Continuing Management

  1. Patient can start ‘low residue’ diet as pain starts to settle and then goes onto ‘high residue’  (i.e. high fibre) when completely settled
  2. Consider USS pelvis in women
  3. Patients not settling after 48hrs need a CT abdo & Pelvis
  4. Bowel needs to be imaged preferably by colonoscopy once the pain has settled.

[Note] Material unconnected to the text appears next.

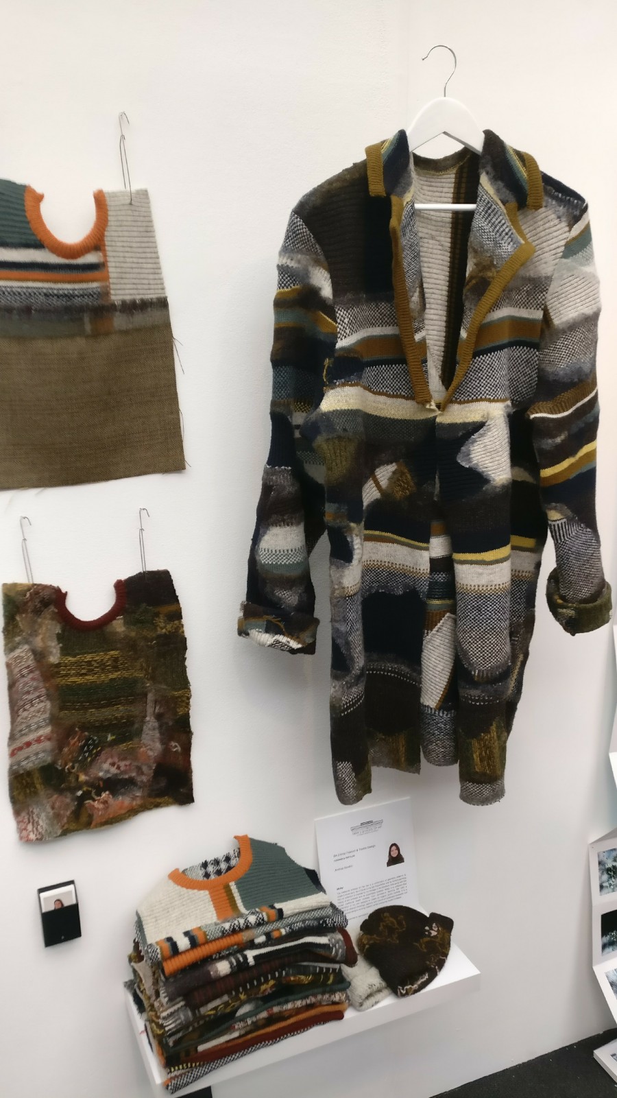 What I wasn’t optimistic about was the complete, and I mean complete, lack of hand knitting anywhere, on any stand, from any designer. In fact, when I asked some students if they had access to hand knitting as part of their course they thought I meant a knitting machine that you work by hand! One student, who confessed to being a hand knitter and was from Shetland (the home of beautiful lace), had recreated a traditional lace design on a machine.

  5. The timing and need for surgical intervention is complicated and shouldbe discussed with the patients and a consultant colorectal surgeon:
    • Hinchey stage I may be treated medically without surgical intervention
    • Hinchey stage II may be treated by radiological drainage and medical treatment
    • Hinchey stage III/IV disease almost always requires surgical intervention
  6. Elective surgery previously recommended in those who had 2 or more episodes of diverticulitis successfully treated medically; however, recent data call this practice into question when the patient is otherwise healthy - this very much depends on the patient and requires in-depth discussion and should be made on a case-by-case basis.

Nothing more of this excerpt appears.